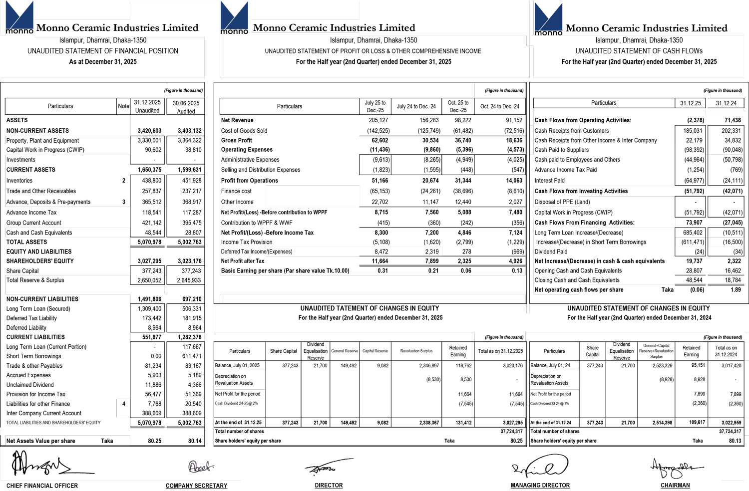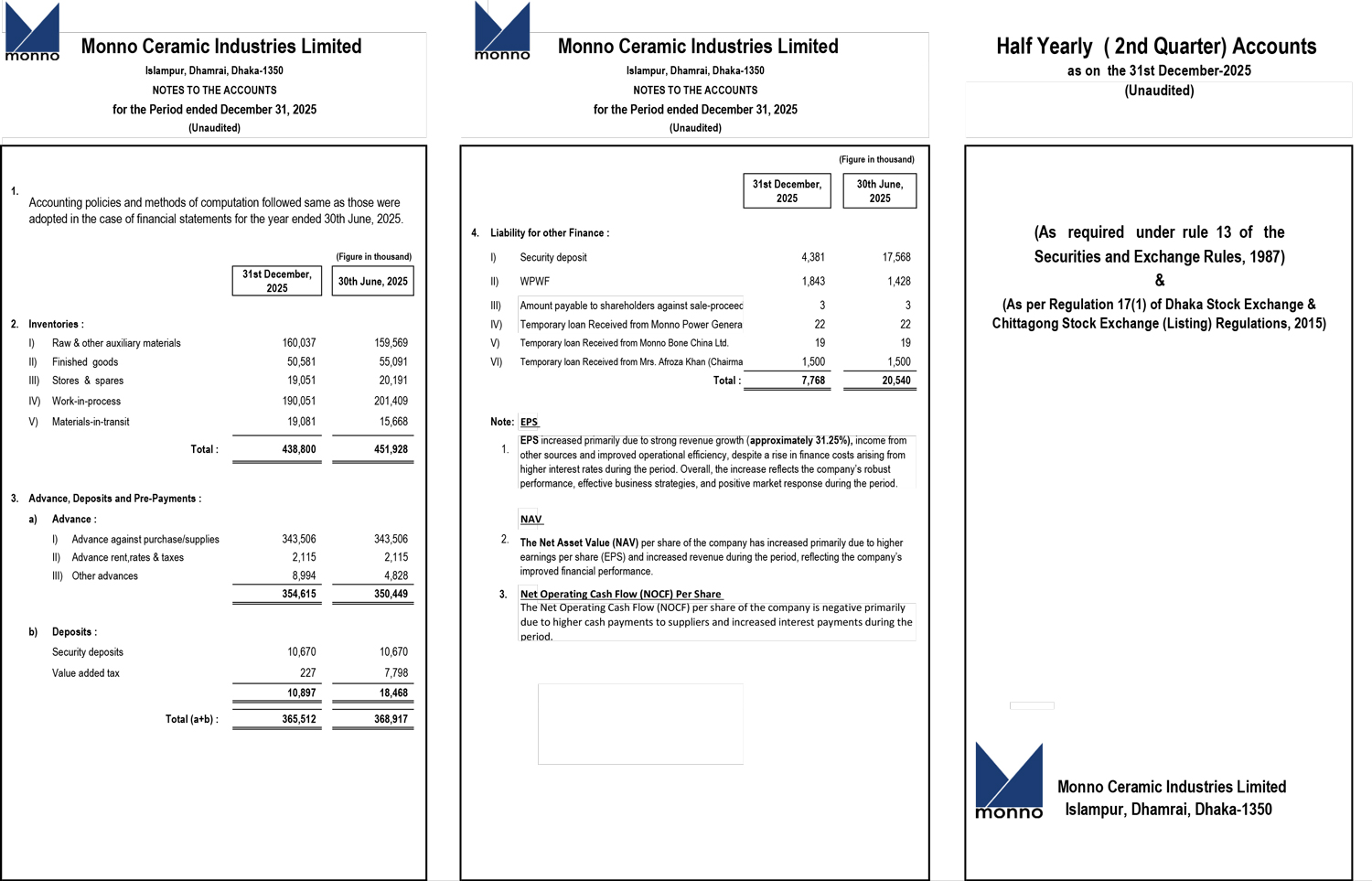 Un-audited Half Yearly (Q2) Financial Statements of Monno Ceramic Industries Ltd.
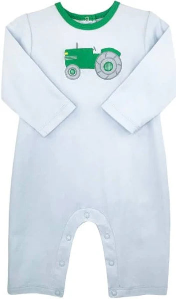GREEN TRACTOR APPLIQUE LONGALL ROMPER
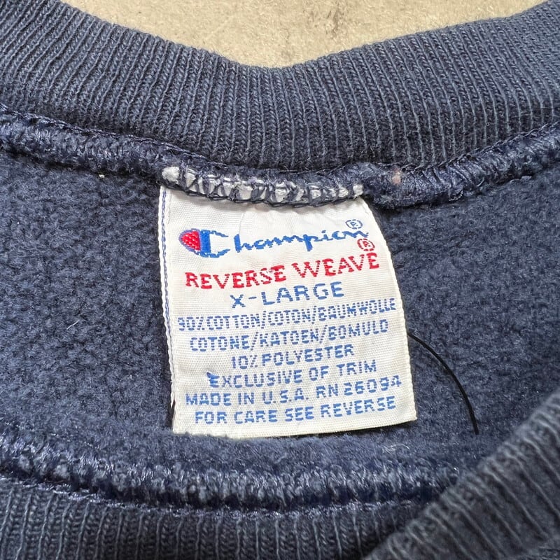 90's Champion チャンピオン リバースウィーブスウェット AUGSBURG COLLEGE 刺繍タグ ネイビー XLサイズ USA製 希少 ヴィンテージ BA-2334 RM2753H
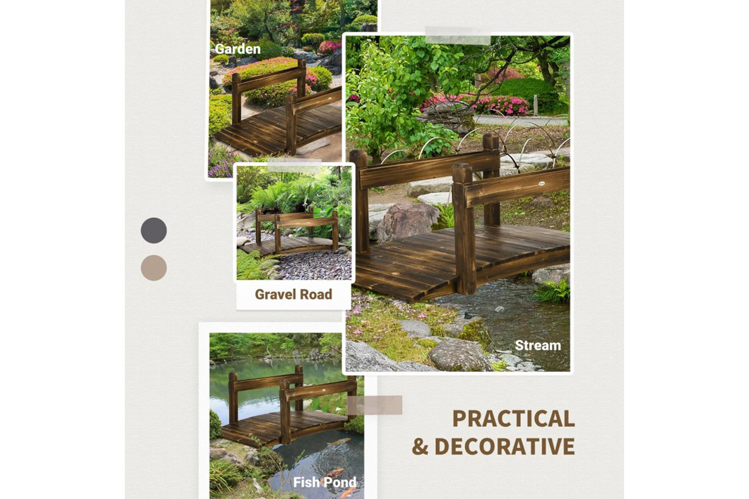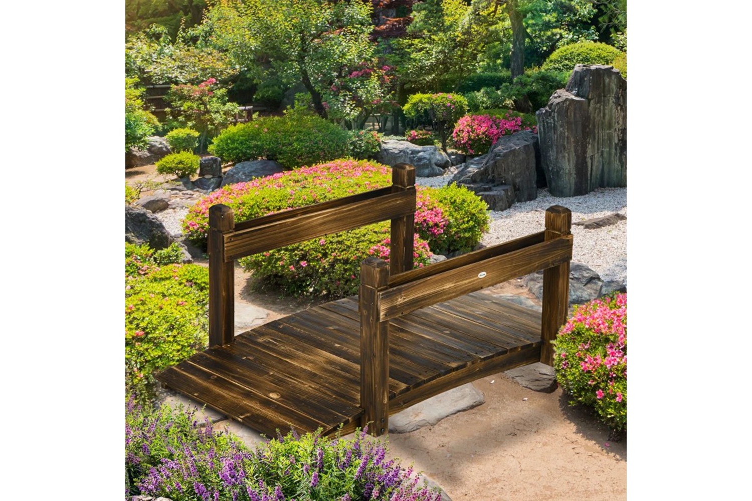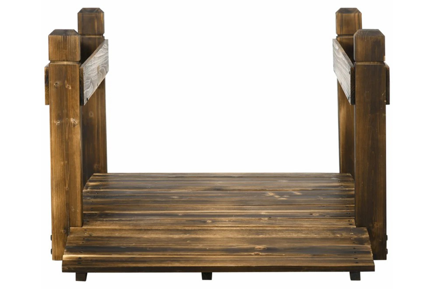 The Outsunny wooden garden bridge with planters is perfect for use as charming landscape decor in a backyard garden, near a pond, or over a small stream. Made of solid fir wood with stained finish to resist rot, cracking, and splitting, the pond bridge is both wonderful looking and long-lasting. The elegant traditional design is sure to be the centerpiece of your landscaping and a place where you can pause and reflect on the beauty of nature. Add a unique piece to your beautiful garden.
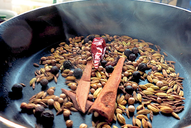 Dampfende Gewürze für Marokkanisches Beef Tajine in Pfanne
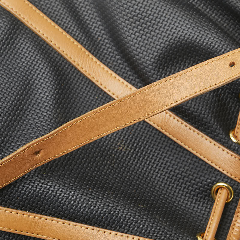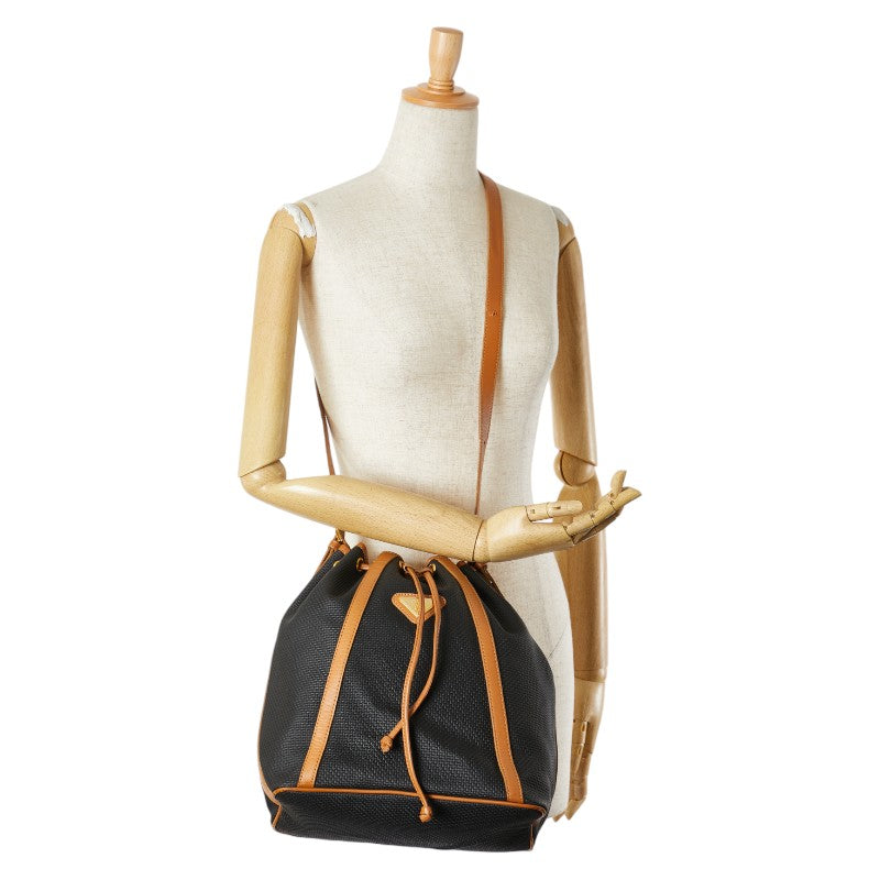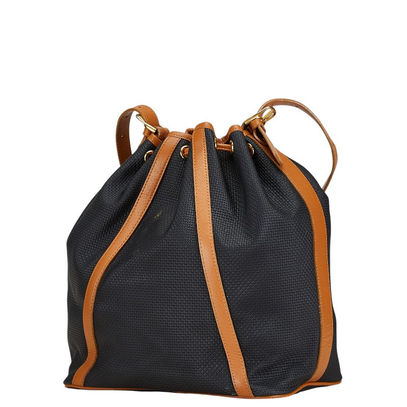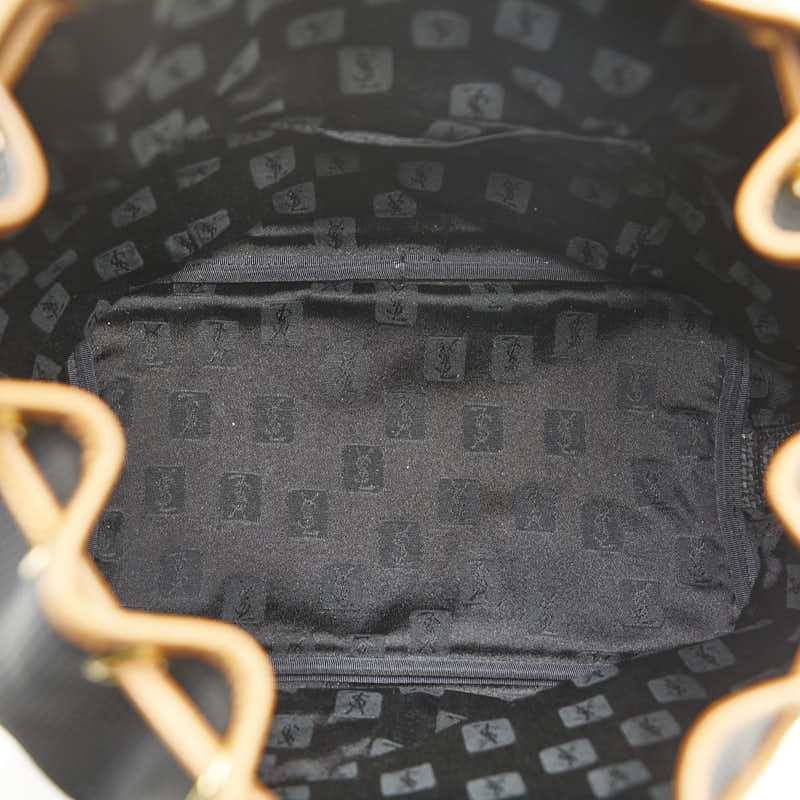 サンローラン YSLプレート ショルダーバッグ 巾着バッグ ブラック ブラウン PVC レザー レディース SAINT LAURENT 【中古】
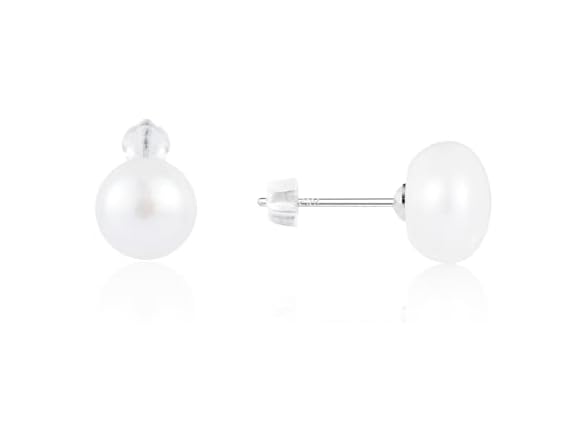 - ❤️PEARL EARRINGS❤️: Natural freshwater cultured pearl, handpicked AAA quality white round button earrings studs. Sterling Silver plated with 18k white gold.
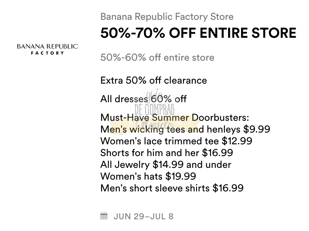 Es el mejor momento para abastecerse de los básicos del verano (Trajes de baño, vestidos, sandalias, shorts, bermudas, camisetas, etc.) ya que las tiendas comienzan a limpiar el inventario para las próximas promociones de “Back to School” – Vuelta al Cole – (la primera semana de Agosto).
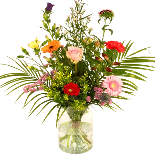 Een plukboeket. Altijd verse bloemen. Los gebonden. Een kleurrijk geheel. Makkelijk bestellen. Snel bezorgd. Thuiswinkel Lid.
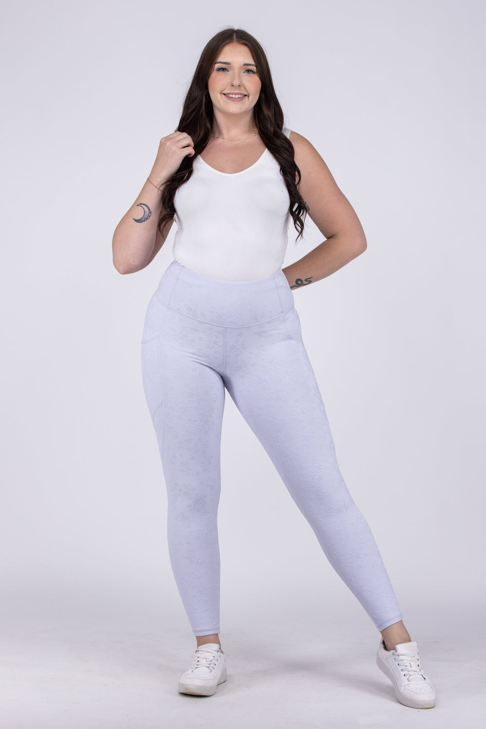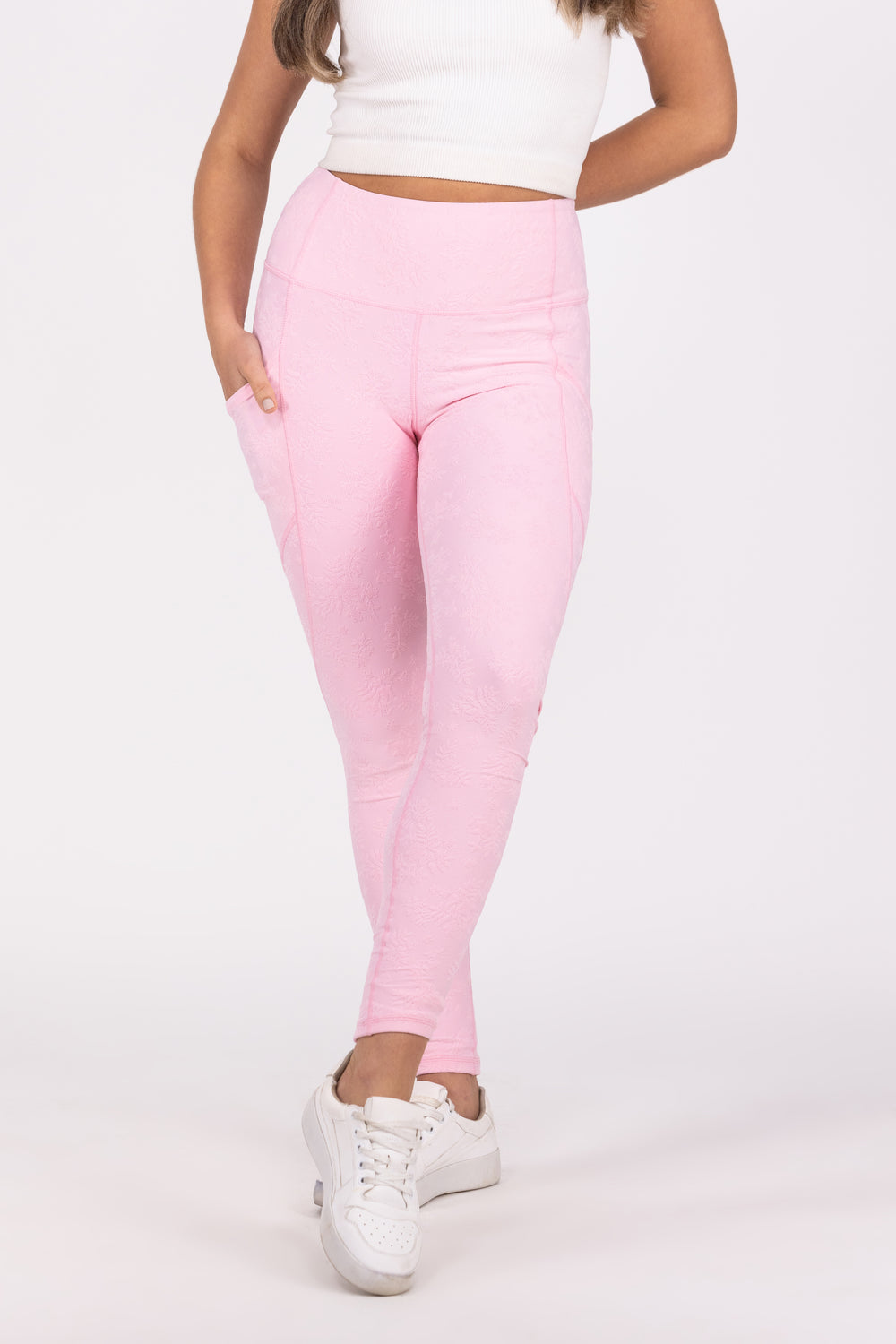 The Florette Leggings by Mono B are the leggings of your dreams. These full length moisture wicking leggings feature a textured floral design, functional side pockets and a high waistband for ab support. The Florette Leggings are perfect for a day out or even for a trip to the gym!
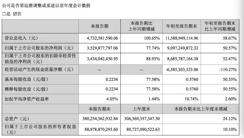 资产规模方面,截至2025年9月30日,公司总资产达3802.55亿元,较上年度末增长24.12%;归属于上市公司股东的所有者权益888.79亿元,较上年度末增长10.10%。值得注意的是,交易性金融资产余额990.85亿元,较年初增长34.72%,主要因债券投资规模增加。
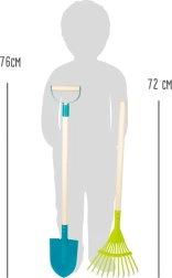 La pelle mesure 76 cm, le râteau 72 cm. La taille est adaptée aux mains des enfants pour un travail au jardin sûr et agréable.
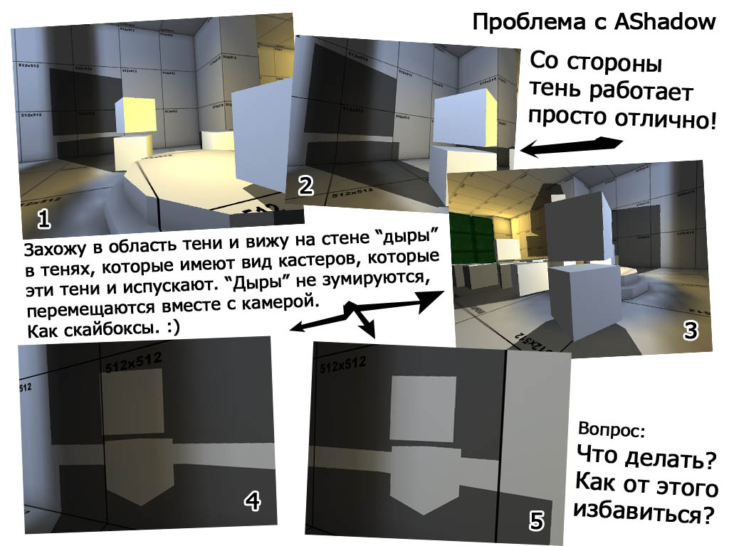 Есть комната. Есть источник света. Есть два куба. Один стоит на другом (но это неважно). Когда смотришь со стороны, то тень от этих кубиков выглядит просто на ура! Захожу в область тени и вижу на стене "дыры" в тенях, которые имеют вид кастеров (этих кубиков). "Дыры" не зумируются, перемещаются вместе с камерой. Как скайбоксы.
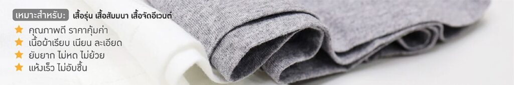 เหมาะสำหรับ: การใช้งานกลางแจ้งที่ต้องเคลื่อนไหวอยู่ตลอด เช่น เสื้อกลุ่ม เสื้อครอบครัว เสื้อทีมสตาฟ เสื้อกีฬาสี เสื้อจัดอีเวนต์ และยังนิยมสกรีนโลโก้แบรนด์ทำเป็นสินค้าหรือของขวัญ
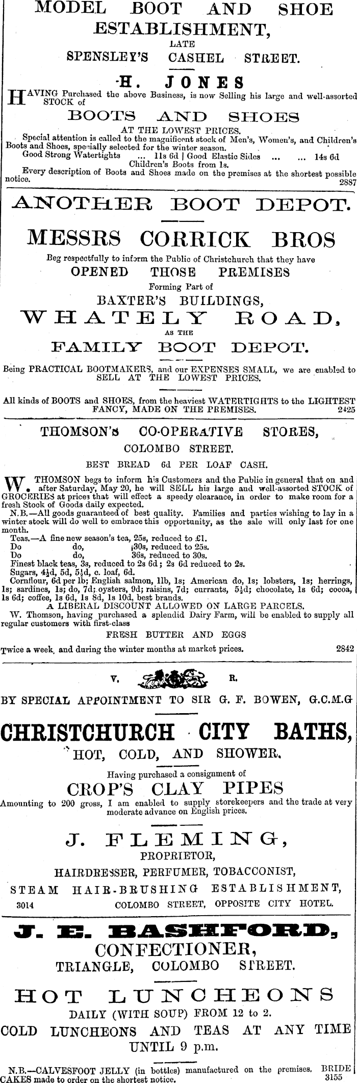 MODEL BOOT AND SHOE ESTABLISHMENT, LATE SPENSLEY’S CASHEL STREET. H. JONES JPureliased. the above Business, is now Selling his large and well-assorted STOCK of BOOTS TV IST D SHOES . . AT THE LOWEST PRICES. Special attention is called to the magnificent stock of Men’s, Women’s, and Children’s Boots and Shoes, specially selected for the winter season. Good Strong Watertights ... lls6d | Good Elastic Sides 14s fld # # Children’s Boots from Is. _ Every description of Boots and Shoes made on the premises at the shortest possible notice. r 0007 ANOTHER BOOT DEPOT. MESSRS CORRICK BROS Beg respectfully to inform the Public of Christchurch that they have OPENED THOSE PREMISES Forming Part of BAXTER’S BUILDINGS, whtatedy boa. d, AS THE FAMILY BOOT DEPOT. Being PRACTICAL BOOTMAKERS, and our EXPENSES SMALL, we are enabled to SELL AT THE LOWEST PRICES. All kinds of BOOTS and SHOES, from the heaviest WATERTIGHTS to the LIGHTEST FANCY, MADE ON THE PREMISES. 2425 THOMSONS CO-OPERATIVE STORES, COLOMBO STREET. BEST BREAD 6d PER LOAF CASH. W THOMSON begs to inform his Customers and the Public in general that on and • after Saturday, May 20, he will SELL his large and well-assorted STOCK of GROCERIES at prices that will effect a speedy clearance, in order to make room for a fresh Stock of Goods daily expected. N.B.—All goods guaranteed of best quality. Families and parties wishing to lay in a winter stock will do well to embrace this opportunity, as the sale will only last for one month. Teas.—A fine new season’s tea, 255, reduced to £l. Do do, f3os, reduced to 255. Do do, 365, reduced to 30s. Finest black teas, 3s, reduced to 2s 6d; 2s 6d reduced to 2s. Sugars, 4£d, sd, s£d, c. loaf, 6d. Cornflour, 6d per lb; English salmon, lib, Is; American do, Is; lobsters, Is; herrings, Is; sardines, Is; do, 7d; oysters, 9d; raisins, 7d; currants, s£d; chocolate, Is 6d; cocoa, Is 6d; coffee, Is 6d, Is Bd, Is lOd, best brands. A LIBERAL DISCOUNT ALLOWED ON LARGE PARCELS. W. Thomson, having purchased a splendid Dairy Farm, will be enabled to supply all regular customers with first-class FRESH BUTTER AND EGGS Twice a week and during the winter months at market prices. 2842 V. R. BY SPECIAL APPOINTMENT TO SIR GK F. BOWEN, GKC.M.G CHRISTCHURCH CITY BATHS, ' HOT, COLD, AND SHOWER, Having purchased a consignment of CROP’S CLAY PIPES Amounting to 200 gross, I am enabled to supply storekeepers and the trade at very moderate advance on English prices. J. FLEMING, PROPRIETOR, HAIRDRESSER, PERFUMER, TOBACCONIST, STEAM H AIE-BRUSHINO ESTABLISHMENT, 3014 COLOMBO STREET, OPPOSITE CITY HOTEL, J. E. BASHFORD, CONFECTIONER, TRIANGLE, COLOMBO STREET. HOT L TJ~N r C HE ON S DAILY (WITH SOUP) THOM 12 to 2. COLD LUNCHEONS AND TEAS AT ANY TIME UNTIL 9 p.m. N.B.—CALVESFOOT JELLY (in bottles) manufactured on the premises. BRIDE CAKES made to order on the shortest notice. 3155

= = = =

### Try it:
Beginning at the line above that contains "资产规模方面,截至2025年" and going on through the line that contains "La pelle mesure", please copy every line exactly, leaving the pictures out and adding nothing.

### Answer below:
 资产规模方面,截至2025年9月30日,公司总资产达3802.55亿元,较上年度末增长24.12%;归属于上市公司股东的所有者权益888.79亿元,较上年度末增长10.10%。值得注意的是,交易性金融资产余额990.85亿元,较年初增长34.72%,主要因债券投资规模增加。
 La pelle mesure 76 cm, le râteau 72 cm. La taille est adaptée aux mains des enfants pour un travail au jardin sûr et agréable.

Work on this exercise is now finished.